◆ **Directions for this task**:
Every line of the records that holds the word "физическое" should be copied.

◆ **Items listed in a dataset**:
━━━━━━
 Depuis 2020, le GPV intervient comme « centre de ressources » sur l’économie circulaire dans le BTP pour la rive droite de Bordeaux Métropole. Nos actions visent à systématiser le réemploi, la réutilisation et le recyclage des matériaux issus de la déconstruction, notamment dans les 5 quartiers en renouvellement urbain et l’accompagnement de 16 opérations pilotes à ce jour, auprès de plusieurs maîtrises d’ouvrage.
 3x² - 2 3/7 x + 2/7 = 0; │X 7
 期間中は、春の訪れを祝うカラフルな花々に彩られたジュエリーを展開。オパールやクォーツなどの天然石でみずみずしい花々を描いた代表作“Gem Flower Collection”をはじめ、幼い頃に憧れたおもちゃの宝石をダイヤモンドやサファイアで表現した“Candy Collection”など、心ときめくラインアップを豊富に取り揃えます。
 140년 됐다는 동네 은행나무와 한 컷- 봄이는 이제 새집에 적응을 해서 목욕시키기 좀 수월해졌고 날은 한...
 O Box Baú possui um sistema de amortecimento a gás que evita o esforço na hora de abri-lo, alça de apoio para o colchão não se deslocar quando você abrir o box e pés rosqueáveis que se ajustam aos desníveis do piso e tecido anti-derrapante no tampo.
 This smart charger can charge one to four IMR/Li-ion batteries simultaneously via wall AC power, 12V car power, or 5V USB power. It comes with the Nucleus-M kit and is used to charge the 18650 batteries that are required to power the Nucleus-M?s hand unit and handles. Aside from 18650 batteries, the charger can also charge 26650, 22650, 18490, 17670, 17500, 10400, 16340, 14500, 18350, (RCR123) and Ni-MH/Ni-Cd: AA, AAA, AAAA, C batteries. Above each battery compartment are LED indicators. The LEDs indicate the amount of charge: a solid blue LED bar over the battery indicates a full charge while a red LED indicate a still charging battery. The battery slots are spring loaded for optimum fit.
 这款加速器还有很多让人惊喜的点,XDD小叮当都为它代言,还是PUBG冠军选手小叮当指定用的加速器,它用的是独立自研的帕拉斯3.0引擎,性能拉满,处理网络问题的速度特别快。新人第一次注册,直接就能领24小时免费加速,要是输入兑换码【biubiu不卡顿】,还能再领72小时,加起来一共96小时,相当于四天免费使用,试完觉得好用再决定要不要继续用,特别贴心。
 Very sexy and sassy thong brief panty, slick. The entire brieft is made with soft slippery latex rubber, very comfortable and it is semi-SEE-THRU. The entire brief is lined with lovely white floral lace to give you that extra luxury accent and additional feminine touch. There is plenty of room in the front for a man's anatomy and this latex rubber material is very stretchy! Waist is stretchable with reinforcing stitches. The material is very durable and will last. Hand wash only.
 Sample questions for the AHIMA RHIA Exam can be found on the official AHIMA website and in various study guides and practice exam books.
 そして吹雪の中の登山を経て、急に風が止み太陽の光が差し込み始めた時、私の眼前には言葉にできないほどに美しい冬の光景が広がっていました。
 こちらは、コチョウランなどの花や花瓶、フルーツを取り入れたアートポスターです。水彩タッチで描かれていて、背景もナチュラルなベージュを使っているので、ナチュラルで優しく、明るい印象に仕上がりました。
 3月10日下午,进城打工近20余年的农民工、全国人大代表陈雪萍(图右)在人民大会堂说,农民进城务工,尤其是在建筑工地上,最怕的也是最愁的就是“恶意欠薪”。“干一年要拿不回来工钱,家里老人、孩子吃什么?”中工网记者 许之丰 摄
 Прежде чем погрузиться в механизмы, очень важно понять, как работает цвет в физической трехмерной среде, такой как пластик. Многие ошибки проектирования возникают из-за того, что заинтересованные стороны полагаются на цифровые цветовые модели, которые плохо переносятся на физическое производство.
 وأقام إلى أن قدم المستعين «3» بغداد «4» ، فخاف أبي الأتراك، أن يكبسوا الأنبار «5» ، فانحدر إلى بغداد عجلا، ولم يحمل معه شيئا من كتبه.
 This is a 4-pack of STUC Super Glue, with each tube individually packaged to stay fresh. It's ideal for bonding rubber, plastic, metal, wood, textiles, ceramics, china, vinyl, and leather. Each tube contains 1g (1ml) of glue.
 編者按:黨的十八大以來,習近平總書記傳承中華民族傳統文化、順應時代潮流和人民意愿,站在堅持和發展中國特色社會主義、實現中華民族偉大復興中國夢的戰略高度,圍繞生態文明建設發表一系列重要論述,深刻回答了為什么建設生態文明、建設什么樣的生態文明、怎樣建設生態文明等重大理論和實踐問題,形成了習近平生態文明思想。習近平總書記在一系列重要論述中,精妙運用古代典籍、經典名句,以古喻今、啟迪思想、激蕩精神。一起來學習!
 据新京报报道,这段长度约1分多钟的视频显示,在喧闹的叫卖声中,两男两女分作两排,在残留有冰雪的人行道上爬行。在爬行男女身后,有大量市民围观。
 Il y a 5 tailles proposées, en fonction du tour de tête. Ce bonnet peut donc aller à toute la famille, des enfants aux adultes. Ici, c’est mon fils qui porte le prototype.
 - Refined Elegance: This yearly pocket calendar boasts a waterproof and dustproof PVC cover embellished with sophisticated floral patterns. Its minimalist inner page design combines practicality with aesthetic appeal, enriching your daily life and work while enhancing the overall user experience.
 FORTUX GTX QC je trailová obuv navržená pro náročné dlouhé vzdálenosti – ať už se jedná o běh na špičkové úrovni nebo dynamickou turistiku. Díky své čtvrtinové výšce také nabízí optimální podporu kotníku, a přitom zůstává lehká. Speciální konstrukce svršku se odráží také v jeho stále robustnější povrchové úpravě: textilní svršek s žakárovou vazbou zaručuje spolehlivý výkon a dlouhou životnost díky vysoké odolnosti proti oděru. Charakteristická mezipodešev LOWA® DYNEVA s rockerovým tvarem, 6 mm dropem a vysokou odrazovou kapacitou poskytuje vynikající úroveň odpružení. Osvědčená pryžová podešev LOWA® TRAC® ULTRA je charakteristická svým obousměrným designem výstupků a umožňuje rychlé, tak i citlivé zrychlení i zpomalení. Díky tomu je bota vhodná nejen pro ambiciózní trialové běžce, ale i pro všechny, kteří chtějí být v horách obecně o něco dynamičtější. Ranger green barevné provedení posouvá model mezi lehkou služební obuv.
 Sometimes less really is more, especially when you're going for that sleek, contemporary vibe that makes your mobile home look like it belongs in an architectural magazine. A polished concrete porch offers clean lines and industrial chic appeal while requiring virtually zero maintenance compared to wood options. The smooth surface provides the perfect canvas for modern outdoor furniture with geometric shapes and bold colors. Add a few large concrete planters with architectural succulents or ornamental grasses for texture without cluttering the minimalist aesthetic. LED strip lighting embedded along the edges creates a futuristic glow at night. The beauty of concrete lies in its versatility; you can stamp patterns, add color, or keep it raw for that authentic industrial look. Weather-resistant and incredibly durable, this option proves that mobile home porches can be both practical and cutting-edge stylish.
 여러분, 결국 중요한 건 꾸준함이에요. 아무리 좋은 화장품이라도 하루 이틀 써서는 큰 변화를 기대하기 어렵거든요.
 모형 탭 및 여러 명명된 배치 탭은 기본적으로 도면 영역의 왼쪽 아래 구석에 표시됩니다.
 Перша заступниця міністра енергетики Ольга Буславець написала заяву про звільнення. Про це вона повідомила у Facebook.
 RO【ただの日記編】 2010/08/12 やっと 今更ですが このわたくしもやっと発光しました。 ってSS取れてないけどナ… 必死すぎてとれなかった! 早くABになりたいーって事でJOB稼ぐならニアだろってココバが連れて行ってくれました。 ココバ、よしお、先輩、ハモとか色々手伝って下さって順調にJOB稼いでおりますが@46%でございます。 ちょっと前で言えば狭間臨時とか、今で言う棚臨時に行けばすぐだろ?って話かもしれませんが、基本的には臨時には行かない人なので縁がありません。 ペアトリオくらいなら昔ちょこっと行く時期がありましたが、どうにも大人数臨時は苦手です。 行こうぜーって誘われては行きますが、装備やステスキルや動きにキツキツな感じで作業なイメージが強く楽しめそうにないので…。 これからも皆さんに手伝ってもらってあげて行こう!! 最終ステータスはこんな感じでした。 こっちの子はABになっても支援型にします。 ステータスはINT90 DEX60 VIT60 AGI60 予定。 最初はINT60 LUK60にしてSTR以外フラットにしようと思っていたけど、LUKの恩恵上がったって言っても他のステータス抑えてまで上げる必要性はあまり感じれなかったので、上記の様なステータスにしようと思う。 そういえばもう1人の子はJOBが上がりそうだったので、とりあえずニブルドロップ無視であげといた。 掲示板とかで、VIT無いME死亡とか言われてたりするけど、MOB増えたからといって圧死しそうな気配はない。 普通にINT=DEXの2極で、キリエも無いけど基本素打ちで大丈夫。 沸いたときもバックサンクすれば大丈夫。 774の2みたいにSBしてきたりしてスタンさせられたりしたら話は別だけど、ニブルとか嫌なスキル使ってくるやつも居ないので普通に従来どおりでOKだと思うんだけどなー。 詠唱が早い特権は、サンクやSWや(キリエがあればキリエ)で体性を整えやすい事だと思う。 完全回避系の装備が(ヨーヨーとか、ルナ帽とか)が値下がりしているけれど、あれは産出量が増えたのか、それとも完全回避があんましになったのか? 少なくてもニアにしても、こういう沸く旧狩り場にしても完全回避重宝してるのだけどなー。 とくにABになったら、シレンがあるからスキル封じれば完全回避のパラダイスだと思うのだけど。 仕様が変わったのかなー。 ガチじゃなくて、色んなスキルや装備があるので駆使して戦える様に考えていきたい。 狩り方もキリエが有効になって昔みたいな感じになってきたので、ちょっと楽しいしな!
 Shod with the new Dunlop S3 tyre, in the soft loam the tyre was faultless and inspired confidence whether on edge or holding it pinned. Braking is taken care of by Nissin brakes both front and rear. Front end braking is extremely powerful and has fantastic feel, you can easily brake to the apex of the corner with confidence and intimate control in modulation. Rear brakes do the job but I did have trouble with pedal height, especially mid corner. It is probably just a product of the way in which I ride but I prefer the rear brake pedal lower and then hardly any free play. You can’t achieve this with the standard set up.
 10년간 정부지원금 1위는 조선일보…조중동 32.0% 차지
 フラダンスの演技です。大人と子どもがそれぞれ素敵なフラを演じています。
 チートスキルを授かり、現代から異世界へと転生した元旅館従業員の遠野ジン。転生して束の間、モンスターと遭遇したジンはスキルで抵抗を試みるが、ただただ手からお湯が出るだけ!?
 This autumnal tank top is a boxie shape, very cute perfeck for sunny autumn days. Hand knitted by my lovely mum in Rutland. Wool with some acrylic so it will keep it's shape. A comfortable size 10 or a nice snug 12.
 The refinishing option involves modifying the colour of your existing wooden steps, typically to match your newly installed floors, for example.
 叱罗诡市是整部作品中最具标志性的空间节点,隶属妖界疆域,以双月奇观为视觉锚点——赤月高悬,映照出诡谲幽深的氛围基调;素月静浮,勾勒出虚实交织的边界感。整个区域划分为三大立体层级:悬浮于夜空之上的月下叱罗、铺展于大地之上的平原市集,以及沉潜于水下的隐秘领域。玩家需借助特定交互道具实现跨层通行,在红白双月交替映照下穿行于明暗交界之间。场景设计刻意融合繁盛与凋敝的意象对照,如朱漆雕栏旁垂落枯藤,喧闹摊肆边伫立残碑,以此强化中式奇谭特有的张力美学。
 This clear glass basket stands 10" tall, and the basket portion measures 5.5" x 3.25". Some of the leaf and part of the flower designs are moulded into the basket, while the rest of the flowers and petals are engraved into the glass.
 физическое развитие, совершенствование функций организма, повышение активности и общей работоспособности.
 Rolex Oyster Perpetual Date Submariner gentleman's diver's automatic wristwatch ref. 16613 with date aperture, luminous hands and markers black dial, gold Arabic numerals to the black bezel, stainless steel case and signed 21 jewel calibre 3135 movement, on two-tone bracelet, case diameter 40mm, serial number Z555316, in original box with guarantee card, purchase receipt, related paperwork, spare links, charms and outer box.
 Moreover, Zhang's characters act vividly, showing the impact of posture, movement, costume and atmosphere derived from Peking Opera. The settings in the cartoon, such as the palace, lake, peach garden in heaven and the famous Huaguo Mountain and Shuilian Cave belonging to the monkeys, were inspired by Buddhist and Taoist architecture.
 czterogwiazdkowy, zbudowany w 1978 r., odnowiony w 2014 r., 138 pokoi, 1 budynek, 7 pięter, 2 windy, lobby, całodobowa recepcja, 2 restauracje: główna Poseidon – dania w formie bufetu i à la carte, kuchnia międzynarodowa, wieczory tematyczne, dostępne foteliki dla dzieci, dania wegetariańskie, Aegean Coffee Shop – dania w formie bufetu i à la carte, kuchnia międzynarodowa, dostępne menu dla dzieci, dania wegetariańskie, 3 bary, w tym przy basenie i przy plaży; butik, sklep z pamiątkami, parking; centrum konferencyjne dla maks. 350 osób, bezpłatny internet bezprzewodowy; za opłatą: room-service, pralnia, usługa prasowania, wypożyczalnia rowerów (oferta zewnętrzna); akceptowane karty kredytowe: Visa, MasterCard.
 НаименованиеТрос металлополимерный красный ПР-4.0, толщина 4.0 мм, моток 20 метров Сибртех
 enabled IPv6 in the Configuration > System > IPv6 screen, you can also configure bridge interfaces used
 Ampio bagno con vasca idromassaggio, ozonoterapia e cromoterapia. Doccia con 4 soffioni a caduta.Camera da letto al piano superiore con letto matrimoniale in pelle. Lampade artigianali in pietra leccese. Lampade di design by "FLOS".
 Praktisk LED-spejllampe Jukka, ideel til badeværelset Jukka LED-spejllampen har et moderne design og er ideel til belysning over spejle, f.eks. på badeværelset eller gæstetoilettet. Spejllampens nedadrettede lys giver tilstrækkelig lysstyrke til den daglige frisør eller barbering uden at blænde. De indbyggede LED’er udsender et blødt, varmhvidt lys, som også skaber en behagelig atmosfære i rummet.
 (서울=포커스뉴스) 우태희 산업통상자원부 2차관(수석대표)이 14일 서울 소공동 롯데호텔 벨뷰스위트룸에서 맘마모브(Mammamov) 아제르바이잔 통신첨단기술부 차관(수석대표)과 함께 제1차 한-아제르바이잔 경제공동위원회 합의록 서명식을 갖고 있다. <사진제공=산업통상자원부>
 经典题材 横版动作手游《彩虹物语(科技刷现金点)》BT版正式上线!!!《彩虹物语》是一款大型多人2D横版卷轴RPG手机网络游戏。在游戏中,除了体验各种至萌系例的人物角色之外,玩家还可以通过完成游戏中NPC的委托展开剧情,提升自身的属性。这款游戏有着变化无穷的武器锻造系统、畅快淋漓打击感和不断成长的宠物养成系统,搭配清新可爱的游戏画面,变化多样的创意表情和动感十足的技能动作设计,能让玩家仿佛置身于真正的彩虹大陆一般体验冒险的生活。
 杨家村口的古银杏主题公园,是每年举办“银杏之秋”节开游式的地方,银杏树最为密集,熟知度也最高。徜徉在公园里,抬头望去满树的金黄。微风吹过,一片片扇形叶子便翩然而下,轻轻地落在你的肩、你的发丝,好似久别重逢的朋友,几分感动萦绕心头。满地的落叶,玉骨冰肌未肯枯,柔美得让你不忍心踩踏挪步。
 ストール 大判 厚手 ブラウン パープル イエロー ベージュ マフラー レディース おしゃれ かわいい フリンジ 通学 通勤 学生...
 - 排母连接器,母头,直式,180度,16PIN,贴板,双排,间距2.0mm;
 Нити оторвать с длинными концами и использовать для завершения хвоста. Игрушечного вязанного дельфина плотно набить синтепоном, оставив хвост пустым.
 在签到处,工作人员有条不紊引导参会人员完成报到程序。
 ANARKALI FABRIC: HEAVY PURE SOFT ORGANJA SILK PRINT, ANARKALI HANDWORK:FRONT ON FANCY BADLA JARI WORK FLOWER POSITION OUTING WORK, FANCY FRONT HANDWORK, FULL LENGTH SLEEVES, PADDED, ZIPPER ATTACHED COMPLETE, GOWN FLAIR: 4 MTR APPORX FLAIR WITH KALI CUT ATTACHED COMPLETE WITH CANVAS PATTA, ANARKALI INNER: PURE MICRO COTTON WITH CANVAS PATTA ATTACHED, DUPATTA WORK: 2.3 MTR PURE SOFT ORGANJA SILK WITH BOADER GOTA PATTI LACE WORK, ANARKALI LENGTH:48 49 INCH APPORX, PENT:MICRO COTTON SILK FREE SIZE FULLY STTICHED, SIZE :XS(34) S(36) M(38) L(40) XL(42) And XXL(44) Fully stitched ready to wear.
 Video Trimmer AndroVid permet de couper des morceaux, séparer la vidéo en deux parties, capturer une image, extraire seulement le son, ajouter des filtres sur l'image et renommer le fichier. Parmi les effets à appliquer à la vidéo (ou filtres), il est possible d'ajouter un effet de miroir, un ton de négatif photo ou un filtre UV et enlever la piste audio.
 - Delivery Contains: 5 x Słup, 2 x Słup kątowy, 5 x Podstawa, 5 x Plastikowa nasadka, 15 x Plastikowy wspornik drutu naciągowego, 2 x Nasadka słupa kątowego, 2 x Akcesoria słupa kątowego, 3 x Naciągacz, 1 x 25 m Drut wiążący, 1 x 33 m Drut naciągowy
━━━━━━
◆ **Exercise output**:
 Прежде чем погрузиться в механизмы, очень важно понять, как работает цвет в физической трехмерной среде, такой как пластик. Многие ошибки проектирования возникают из-за того, что заинтересованные стороны полагаются на цифровые цветовые модели, которые плохо переносятся на физическое производство.
 физическое развитие, совершенствование функций организма, повышение активности и общей работоспособности.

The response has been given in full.